Review Blog

Feb 28 2011

No safe place by Deborah Ellis

cover image

Allen and Unwin, 2011. ISBN 978 1742374709.
(Ages 12+) Highly recommended. Refugees. The picture of Abdul standing on the edge of Calais watching backpackers, oblivious to anyone else, showing their passports and getting on a ferry for England, secure in the knowledge that they have that privilege, stayed with me for the whole of this tense read. Other images rose up in my mind, but that one of the huge gulf between the two worlds that exists today, that of non refugees and refugees, remains with me.
As Abdul bravely claims a place on a boat leaving French soil the stories of the other passengers on that tiny boat are revealed. Once out in the channel, the boat owner turns on the refugees but they throw him overboard. Struggling to survive they wash up against a pleasure cruiser and in a strange turn of events take over the cruiser and head north west, knowing they will hit either England or Ireland.

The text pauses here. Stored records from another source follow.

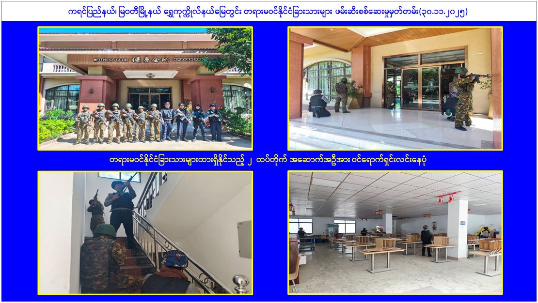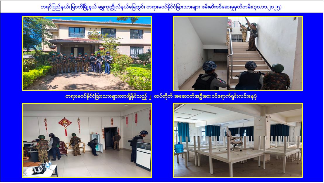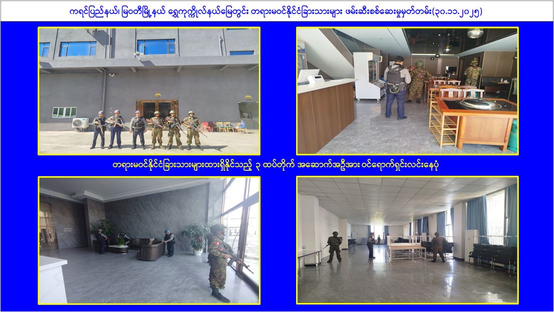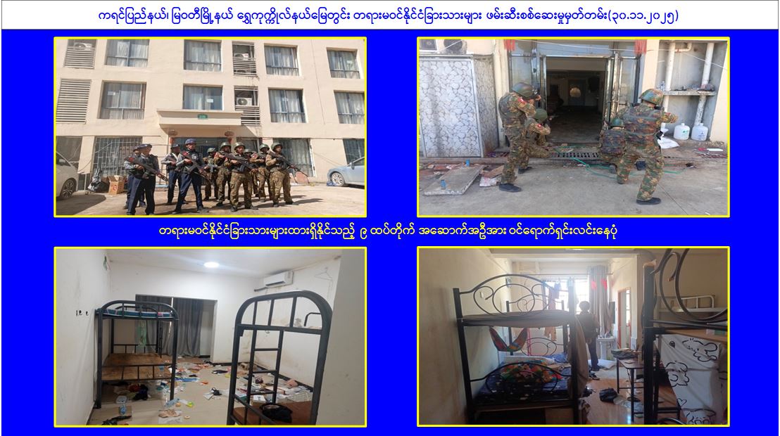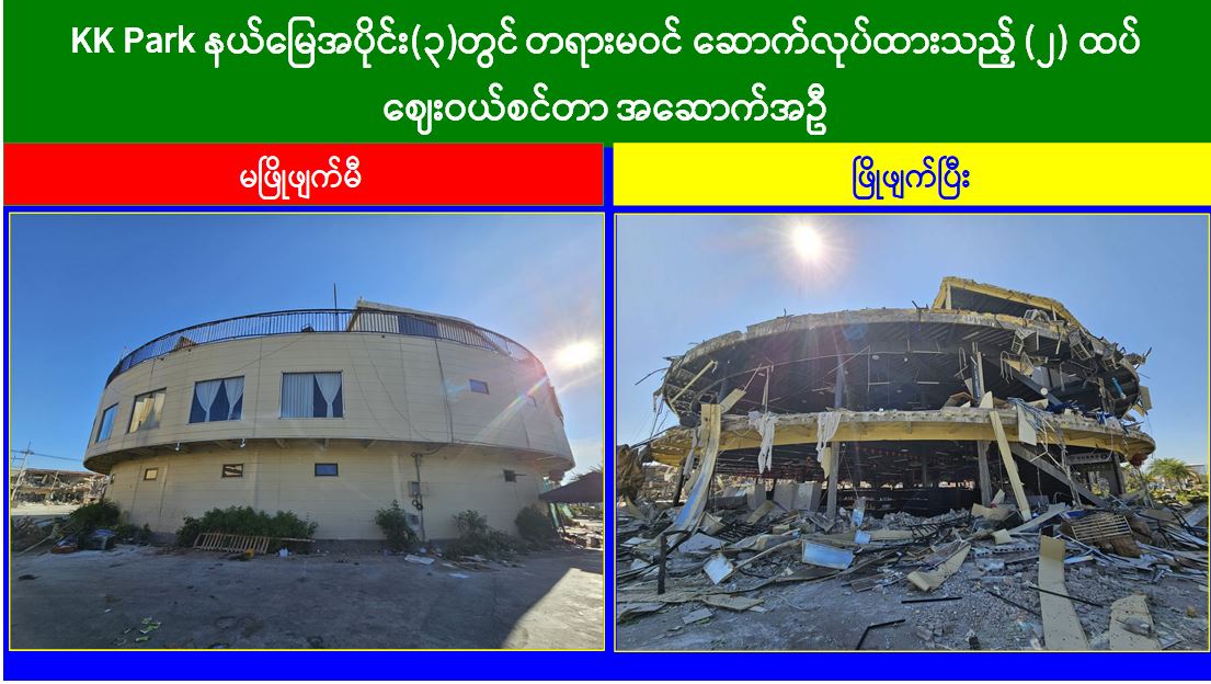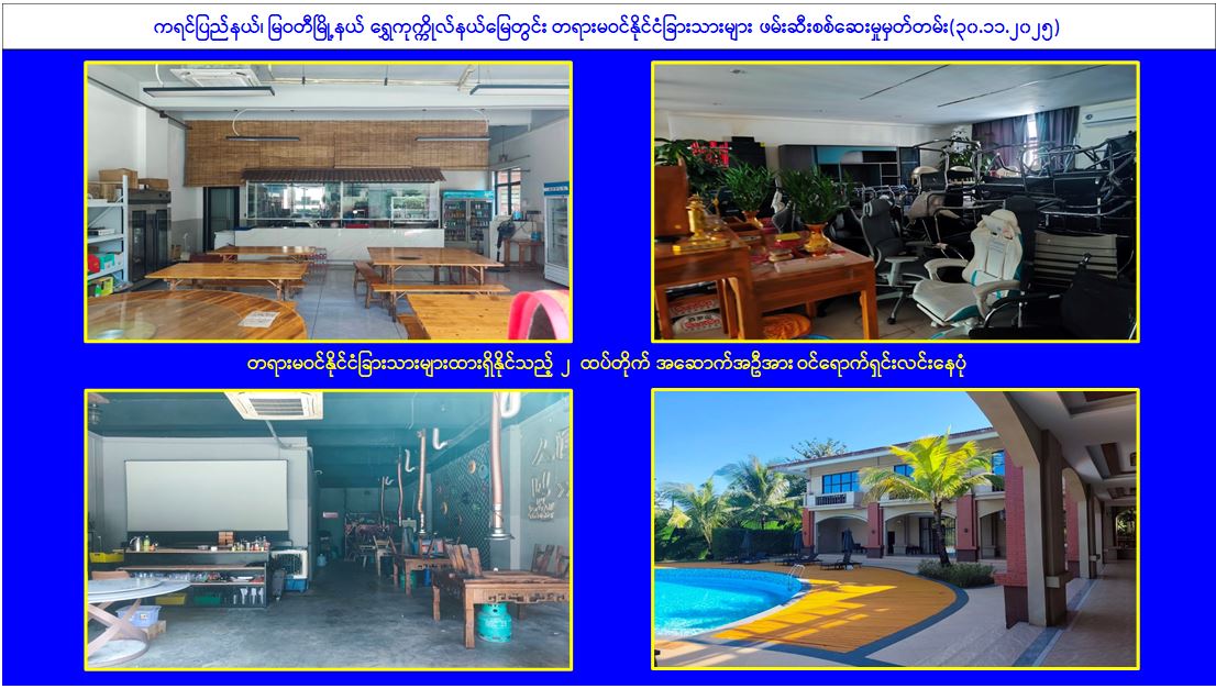 မြန်မာနိုင်ငံအစိုးရအနေဖြင့် အွန်လိုင်းလိမ်လည်မှုများနှင့် အွန်လိုင်းလောင်းကစားမှု များ အများဆုံးအခြေချလုပ်ကိုင်လျက်ရှိကြသည့် ရွှေကုက္ကိုလ်နယ်မြေနှင့် KK Park နယ်မြေများ၌ လုံခြုံရေးတပ်ဖွဲ့ဝင်များ၊ အုပ်ချုပ်ရေးအဖွဲ့အစည်းများနှင့် ဒေသတွင်း တာဝန်ရှိသူများအပါအဝင် အဖွဲ့စုံပါဝင်သည့် ပူးပေါင်းအဖွဲ့ဖြင့် တရားမဝင် အဆောက် အအုံများအတွင်း ဝင်ရောက်ရှင်းလင်းခြင်း၊ အွန်လိုင်းလိမ်လည်လောင်းကစားမှု လုပ်ငန်း စဉ်များတွင်အသုံးပြုခဲ့သည့် သိမ်းဆည်းရမိပစ္စည်းများနှင့် တရားမဝင် အဆောက်အအုံ များအား စနစ်တကျဖြိုချဖျက်ဆီးခြင်းများ ဆက်လက်ဆောင်ရွက်လျက်ရှိသည်။
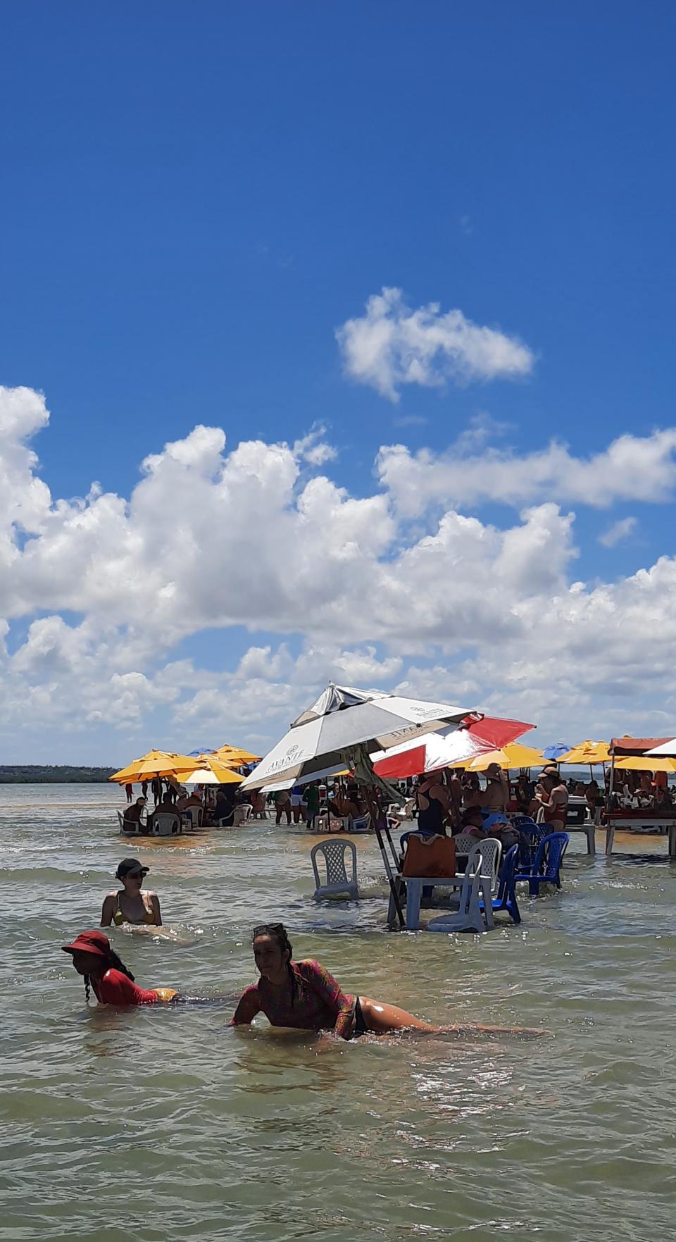 第一站去到一個沙灘,有sales介紹可以遊船,會到個沙洲,有泥漿浴的地方,還可能會見到海豚,所以就付了R$75參加了。
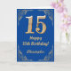15th Birthday Blue and Gold Glitter Frame. For further customization, please click the "Customize it" button and use our design tool to modify this template.
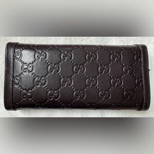 Gucci Guccissima Dark Chocolate Leather Continental Embossed GG Long Wallet
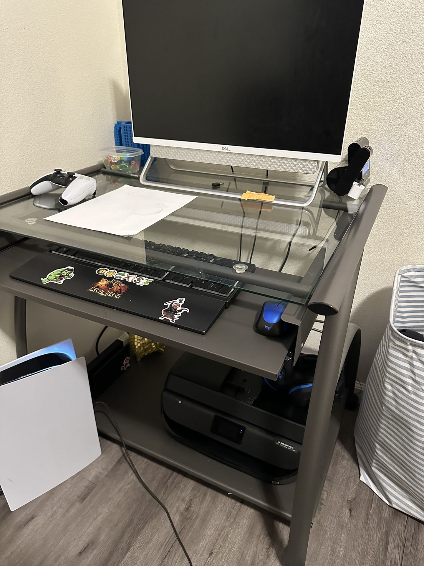 Glass top desk, great condition. Only selling because I need to downsize!
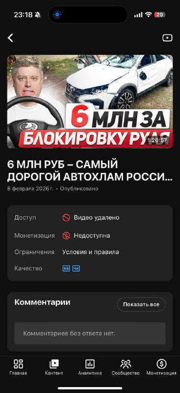 ⛔ Ролик про блокировку руля у АвтоВАЗа заблокирован на YouTube за якобы какие-то нарушения Увы, YouTube устроен очень непросто, и потребуется время, чтобы для начала выяснить, кто и на каком основани
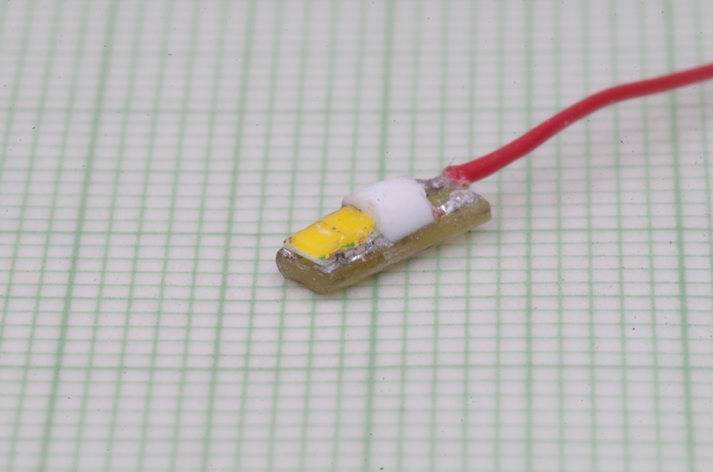 Stirnlampen, ein zweiter Lichtleiter für das obere Spitzenlicht) und diese eine kleinen Abstand haben, sind auf der Platine zwei LEDs direkt übereinander aufgelötet
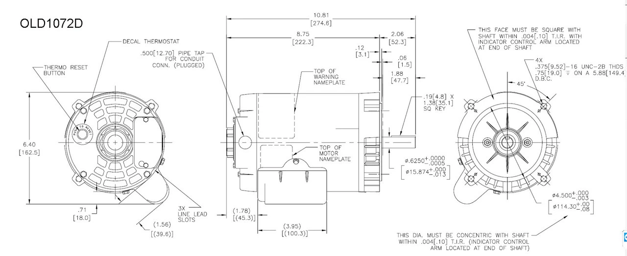 - 3/4 hp 3450 RPM 48CZ, 10.0/5.0 amps, 115/230 Volts 60hz.
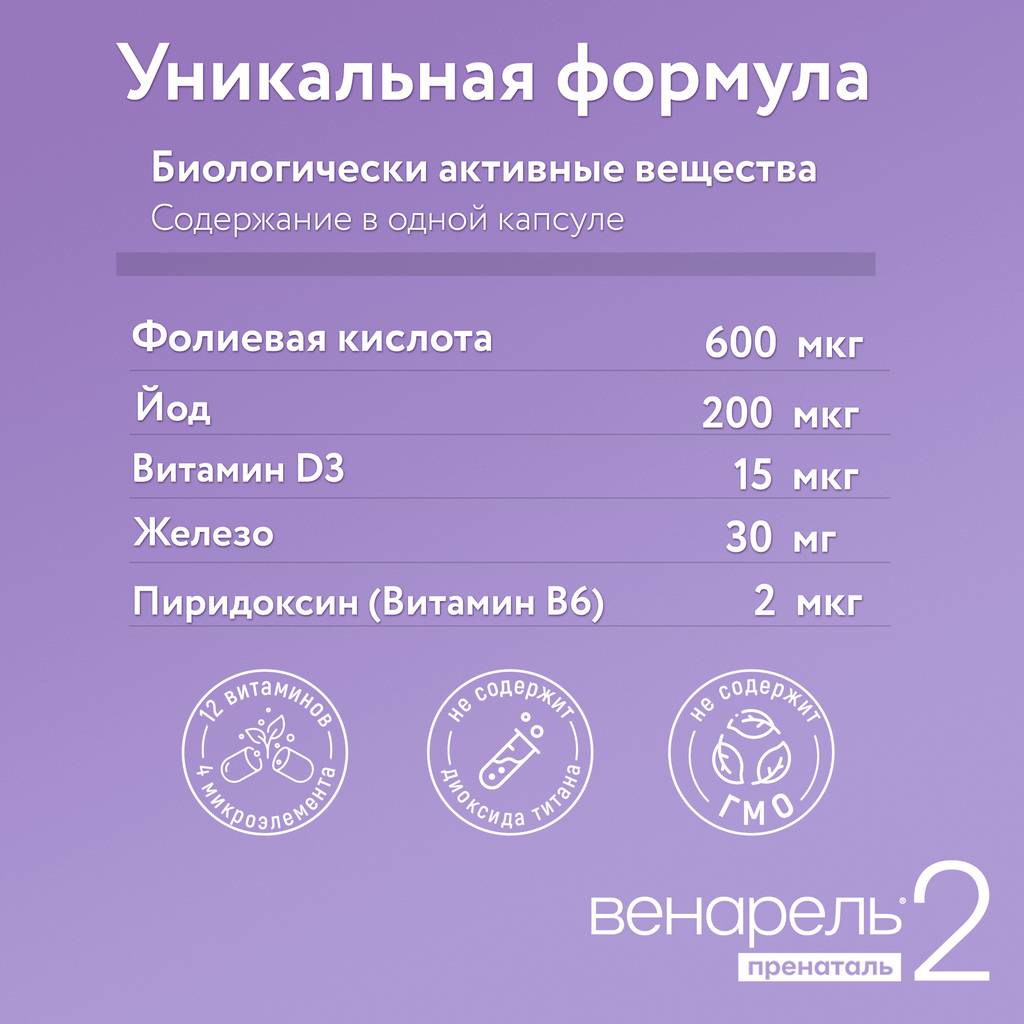 Венарель Пренаталь 2 Второй и третий триместры и кормление грудью капсулы массой 1542 мг 30 шт
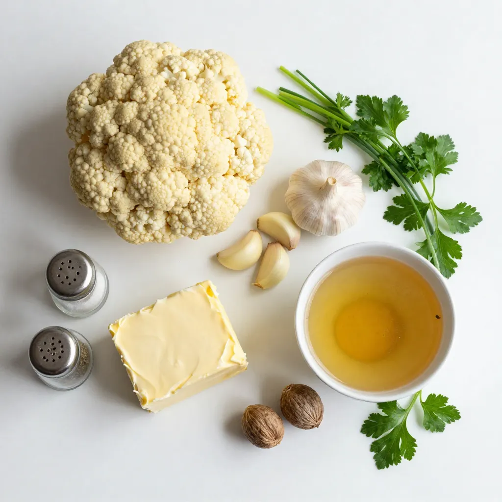 For this creamy garlic mashed cauliflower, we start with fresh, crisp cauliflower. You need one large head. Cut it into florets for even cooking. Next, we use four cloves of garlic. Mince them well; this adds a rich flavor.
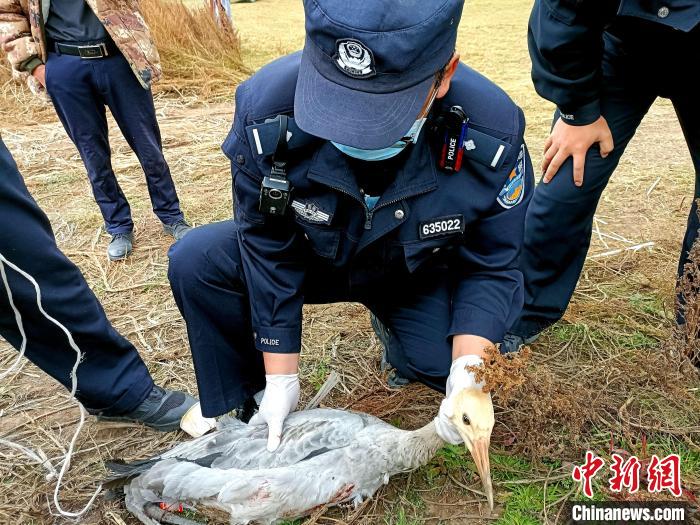 青海門源警方救助國家一級保護動物黑頸鶴
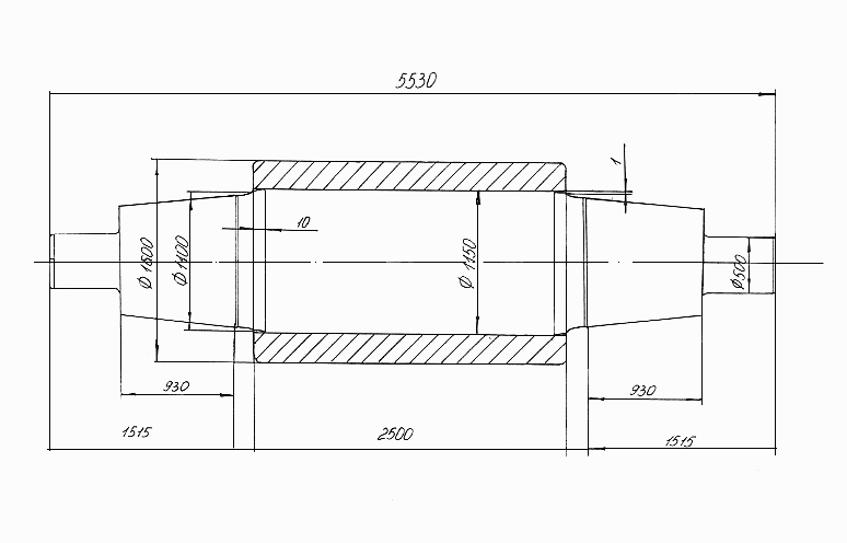 Исследование и разработка конструкции бандажированного опорного валка стана 2500 горячей прокатки2.1 Выбор натяга, формы, толщины бандажа и расчет несущей способности соединенияОпорный валок 5,6 клетей стана 2500 горячей прокатки ОАО ММК в соответствии с рисунком 4 имеет следующие основные размеры:
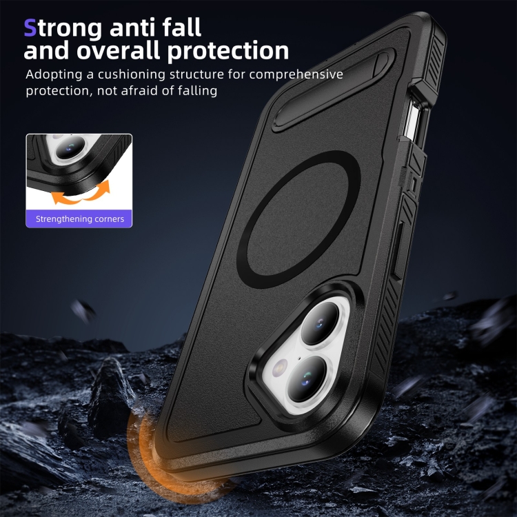 Estuche híbrido TPU y PC con soporte Magsafe para iPhone 16 (Negro)
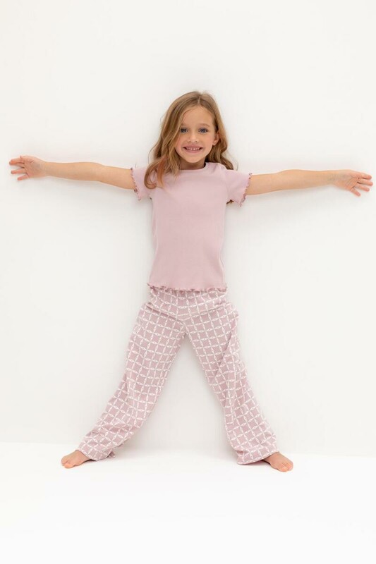 Трикотажная пижама из натурального хлопка. Футболка с короткими втачными рукавами изготовлена из эластичного трикотажа в рубчик. Брюки с эластичной резинкой в поясе выполнены из гладкого трикотажа супрем. Оригинальная набивка выполнена из стойких текстильных гипоаллергенных красителей. Изделие сохраняет цвет и форму после многократных стирок. Все трикотажные полотна производятся в соответсвии с нормами швейцарского сертификата ЭкоТекс.
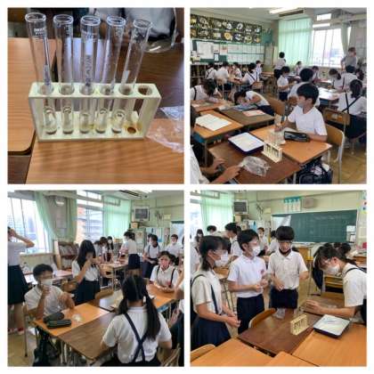 6年生の理科では、食塩水・炭酸水・アンモニア水などの見た目、においなどについて実験を通して確かめていました。
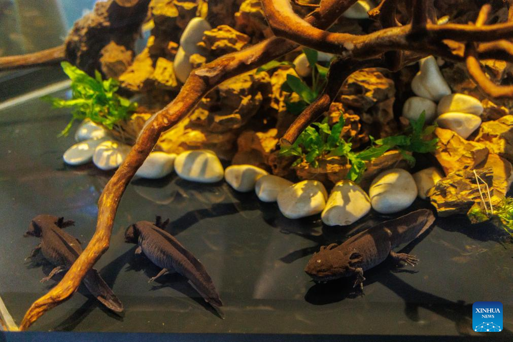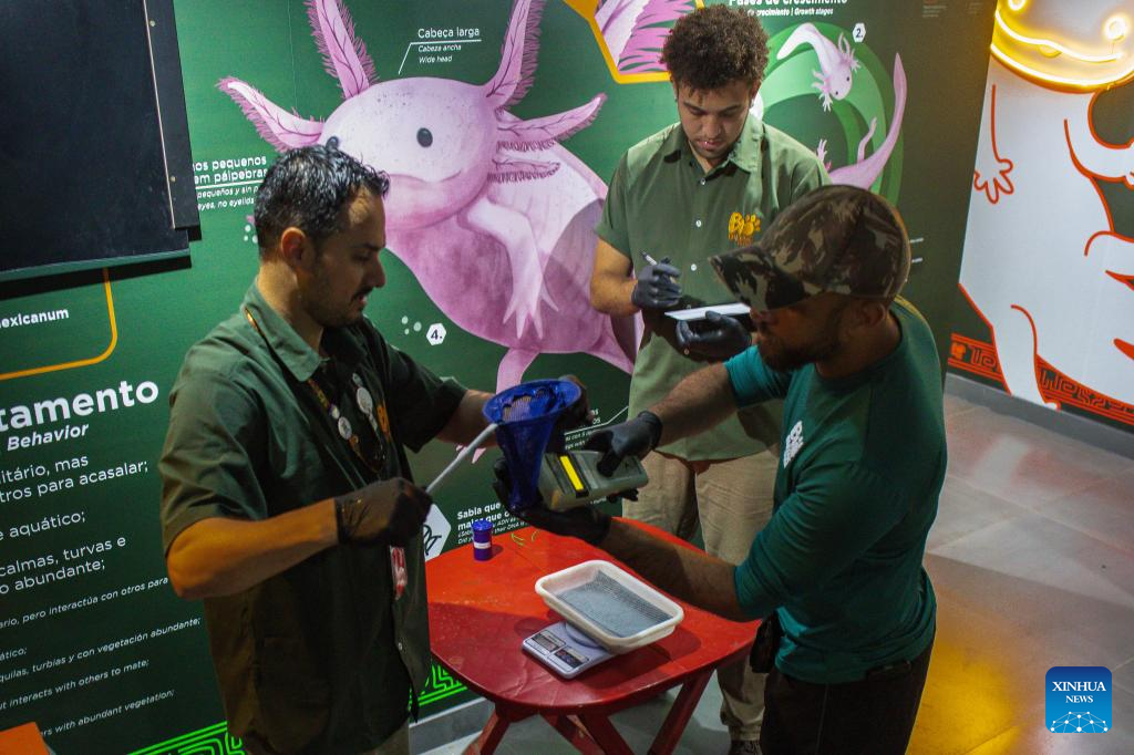 RIO DE JANEIRO, 9 octubre, 2025 (Xinhua) -- Imagen del 8 de octubre de 2025 de un técnico inspeccionando el nuevo tanque de ajolotes en el BioParque do Rio, en Río de Janeiro, Brasil. En los últimos días, se abrió al público la recién inaugurada área de exhibición de ajolotes en el BioParque do Rio, con 22 ejemplares, incluyendo 8 rescatados durante operativos contra el tráfico de fauna silvestre. (Xinhua/Claudia Martini)
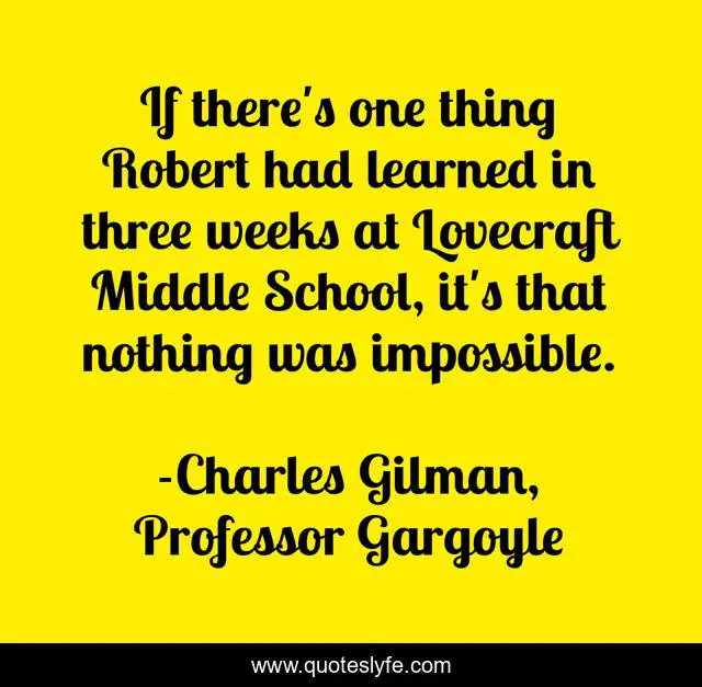 This page presents the quote "If there's one thing Robert had learned in three weeks at Lovecraft Middle School, it's that nothing was impossible.". Author of this quote is Charles Gilman, Professor Gargoyle. This quote is about fantasy, horror, weird-fiction, middle-grade,.

When they do they are helped by a young girl, oblivious to the political machinations behind these four children seeking a better life for themselves.
Their stories are harrowing, made up of a range of stories Ellis has heard while researching this book, revealing for our very sheltered readers what children of their age must contend with, things many of us will never see.  From the orphaned Chesley, holding on to an image of his mother through a series of Russian boys' homes before ending up in an army cadet school, to Rosalia, taken by her uncle's friend to Germany where they think she will be employed as a maid, to the nephew of the boat owner, Jonah, told that he is useless and a burden and finally Abdul, the main character of the story, holding a myriad of stories within him of unjustified persecution, loss and despair, this novel will firstly engender disbelief and then sympathy from its readers.
Ellis' fight for human rights, particularly for children scarred by war, forms a powerful sub text to this novel, and along with the multi award winning Parvana series, will be promoted within schools as part of a literature study of books about our contemporary world, or as a class text, and all students will follow Abdul's story with pleasure and empathy.